# ICE



## teamdig (Dec 8, 2004)

Has anyone went out to any of the smaller lakes yet?


----------



## maple lake duck slayer (Sep 25, 2003)

I wish you guys on the early ice would play it a little safer. Just west of the cities, 3 guys were out on a smaller lake. Wasn't even froze over the whole way. One guy was a long ways out from the boat launch, fishing within about 50 yards of open water.
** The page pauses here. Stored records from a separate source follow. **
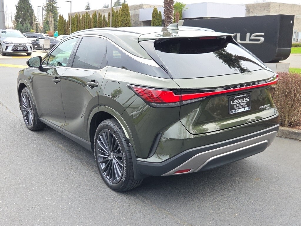 2024 Lexus RX Nori Green Pearl AWD 2.5L I4 CVTL/Certified Certified, 2.5L I4, AWD, Palomino w/Ash Bamboo w/NuLuxe Seat Trim, 12 Speakers, 19 Alloy Wheels, 3.64 Axle Ratio, 4-Wheel Disc Brakes, 8-Way Power Adjustable Driver & Passenger Seat, ABS brakes, Air Conditioning, Alloy wheels, AM/FM radio: SiriusXM, Anti-whiplash front head restraints, Auto High-beam Headlights, Auto tilt-away steering wheel, Auto-dimming door mirrors, Auto-dimming Rear-View mirror, Automatic temperature control, Brake assist, Bumpers: body-color, Compass, Delay-off headlights, Driver door bin, Driver vanity mirror, Dual front impact airbags, Dual front side impact airbags, Electronic Stability Control, Emergency communication system: Safety Connect (10-year trial), Exterior Parking Camera Rear, Four wheel independent suspension, Front anti-roll bar, Front Bucket Seats, Front Center Armrest, Front dual zone A/C, Front fog lights, Front reading lights, Front Seat Air Conditioner, Fully automatic headlights, Garage door transmitter: HomeLink, Heated & Ventilated Front Bucket Seats, Heated door mirrors, Heated front seats, Heated steering wheel, Illuminated entry, Leather Shift Knob, Leather steering wheel, Low tire pressure warning, Memory seat, Navigation System, NuLuxe Seat Trim, Occupant sensing airbag, Outside temperature display, Overhead airbag, Overhead console, Panic alarm, Passenger door bin, Passenger vanity mirror, Power door mirrors, Power driver seat, Power Liftgate, Power moonroof, Power passenger seat, Power steering, Power windows, Radio data system, Radio: Lexus Interface w/9.8 HD Touchscreen Display, Rain sensing wipers, Rear air conditioning, Rear anti-roll bar, Rear reading lights, Rear seat center armrest, Rear side impact airbag, Rear window defroster, Rear window wiper, Remote keyless entry, Security system, Speed control, Speed-sensing steering, Split folding rear seat, Spoiler, Steering wheel memory, Steering wheel mounted audio controls, Telescoping steering wheel, Tilt steering wheel, Traction control, Trip computer, Turn signal indicator mirrors, Variably intermittent wipers, Ventilated front seats. CARFAX One-Owner. Clean CARFAX. Certified. L/Certified Details: Limited Warranty: 24 Month/Unlimited Mile. Vehicle History. Certified Warranty: Comprehensive Inspection. Unlimited-mileage warranty up to 6 years. Balance of new car warranty (4 Year/50K Miles) plus 2 Year/Unlimited-mileage L/Certified warranty. Service Maintenance: Complimentary Maintenance Plan covering the first four basic factory-scheduled maintenance services for 2 years or 20,000 miles. Roadside Assistance. Warranty Deductible: $0.
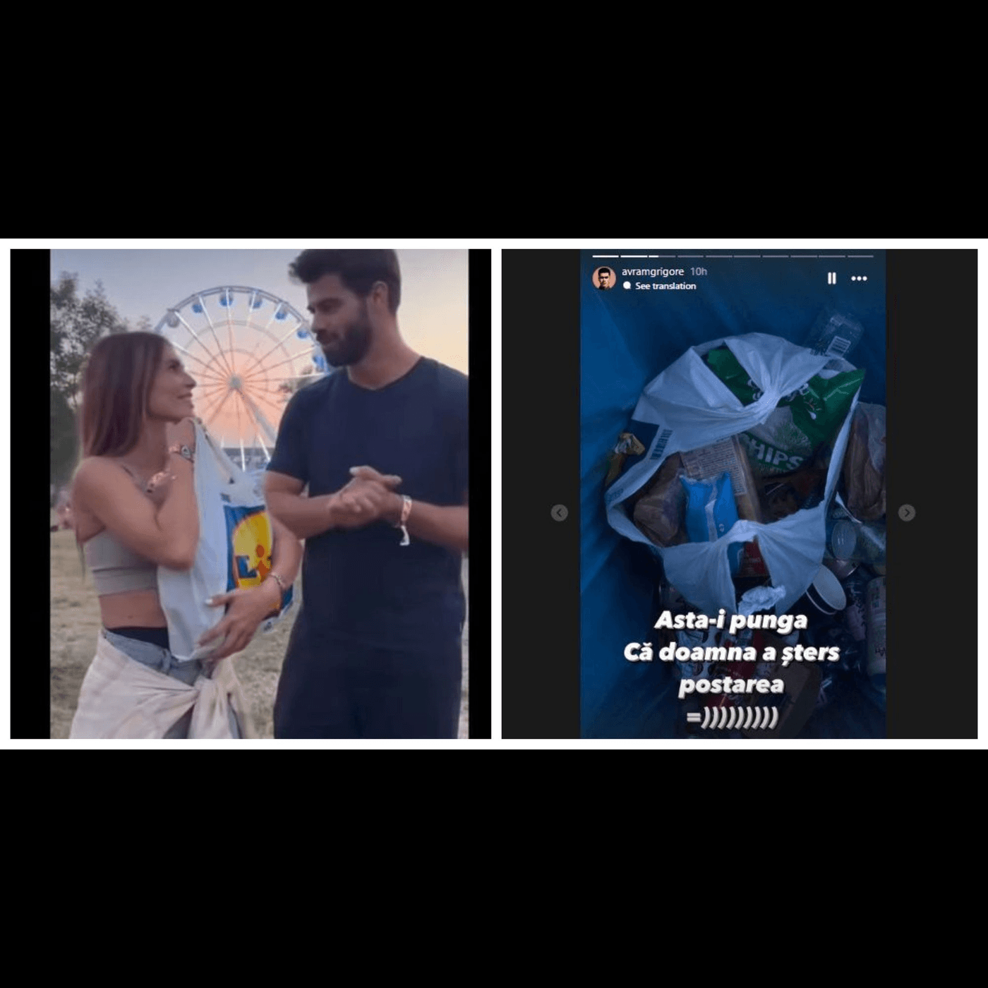 Atât sânziana Negru, cât și Ştefan Floroaica au fost văzuți când au aruncat punga de la LIDL cu alimentele „preferate”, după ce și-au terminat de filmat campania.
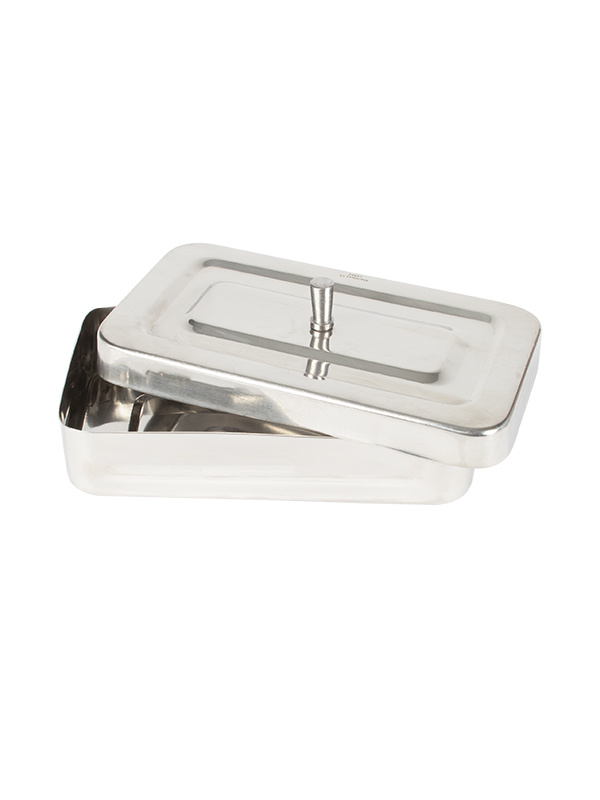 Ruostumatonta terästä, tiiviskansinen laatikko instrumenttien säilyttämiseen. Ruostumatonta terästä.
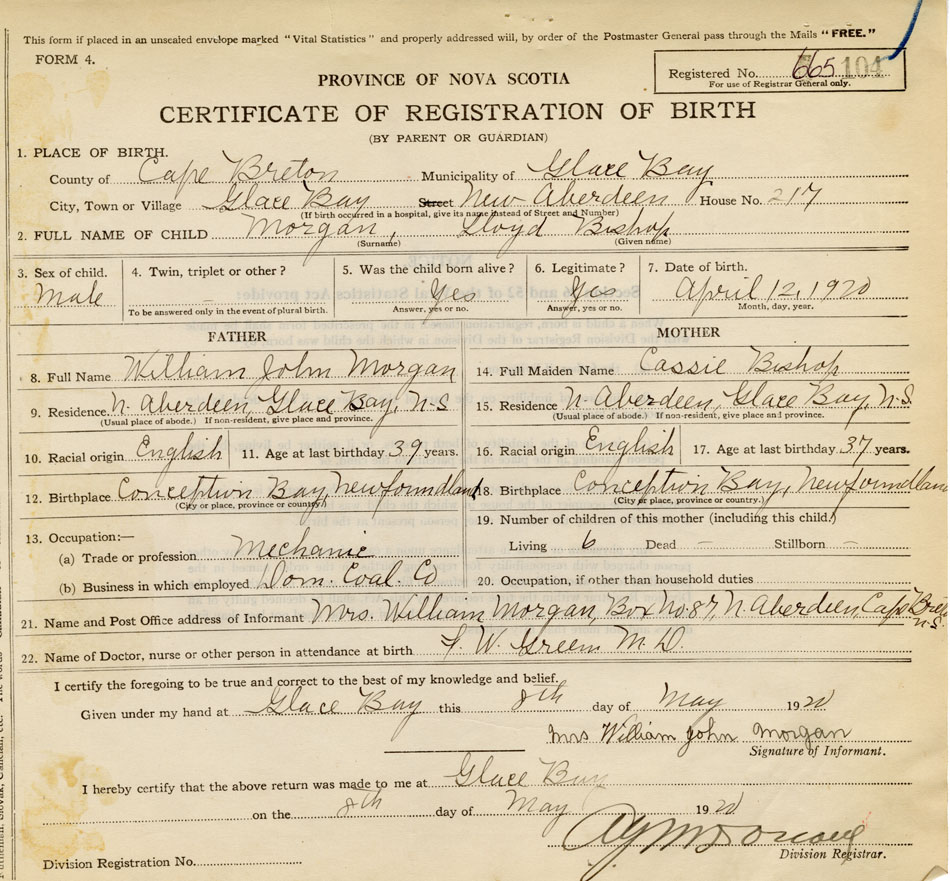 21. Name and Post Office address of Informant Mrs. William Morgan Box No.87, N. Aberdeen, Cape Breton
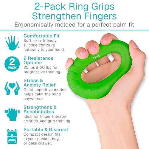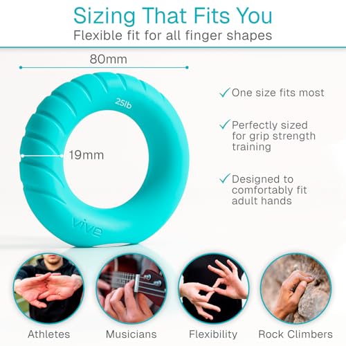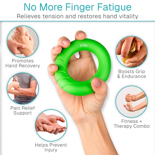 DUAL RESISTANCE LEVELS FOR TARGETED IMPROVEMENT Tailor your training with the Vive Ring Grips, offering two progressive resistance levels of 25 and 50 pounds. Ideal for those with carpal tunnel, arthritis, or tendonitis, these grips effectively bolster wrist and hand muscles, offering relief from pain and stiffness. The Vive Ring Grips are great for a variety of individuals, including musicians, athletes, climbers, or those dealing with post-injury or post-surgery recovery
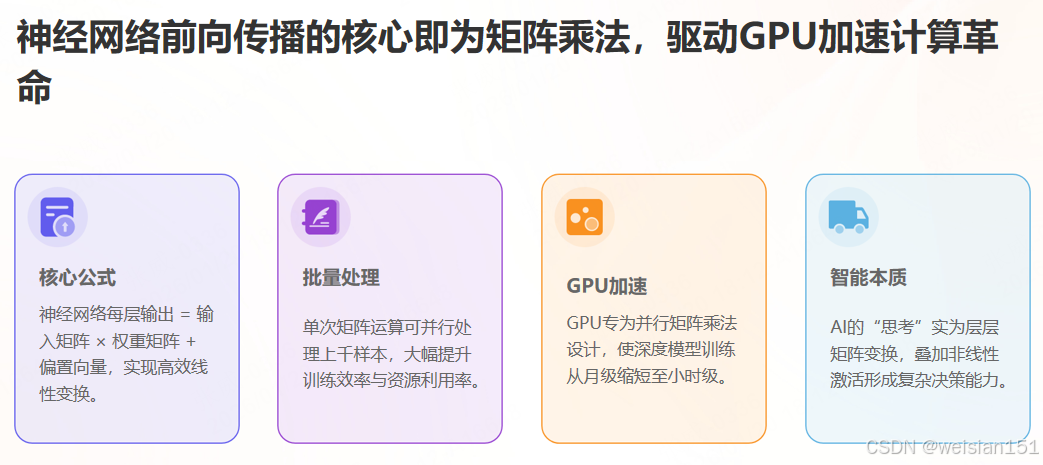 - 模型运算:神经网络的前向传播、反向传播,本质都是线性代数运算。
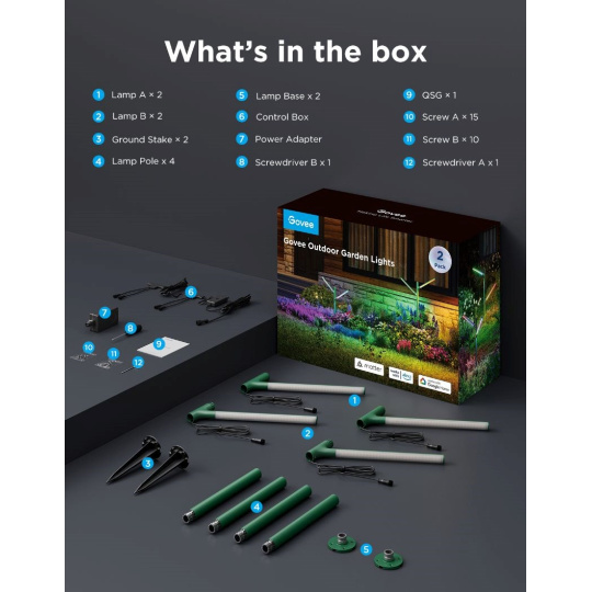 Venkovní světla Govee podporují nejmodernější standard Matter, který umožňuje jednoduchou a bezproblémovou integraci do chytré domácnosti. Díky této technologii můžete světla ovládat hlasovými příkazy přes oblíbené asistenty, jako jsou Amazon Alexa či Google Home. Stačí jedno slovo a světla se rozsvítí, změní barvu nebo zapnou oblíbenou scénu. Pohodlné a intuitivní ovládání tak přináší maximální komfort a svobodu ve vašem venkovním osvětlení.

The other two were only 150-200 yards out, but with the relatively warm weather, and little ice existent on large lakes, I have to believe the ice couldn't have been thicker than 2". BE CAREFUL. You won't miss out on that much fishing if you let the ice get a little thicker.


----------



## woodie1 (Dec 6, 2004)

what lake was that on my parents in buffalo say everything is still open and there is still still malards and goldeneyes on the lake they always want to get out there two early and i don't feel sorry for when fall in last year they were parking trucks out there on the edge of the ice with about 8in of ice and a dozen went in all at once just made me laugh cause a few fish isn't that important to die over just be careful out there guys


----------



## maple lake duck slayer (Sep 25, 2003)

It was just on some small lake, more like a very large cow pond, about 3-4 miles east of buffalo.


----------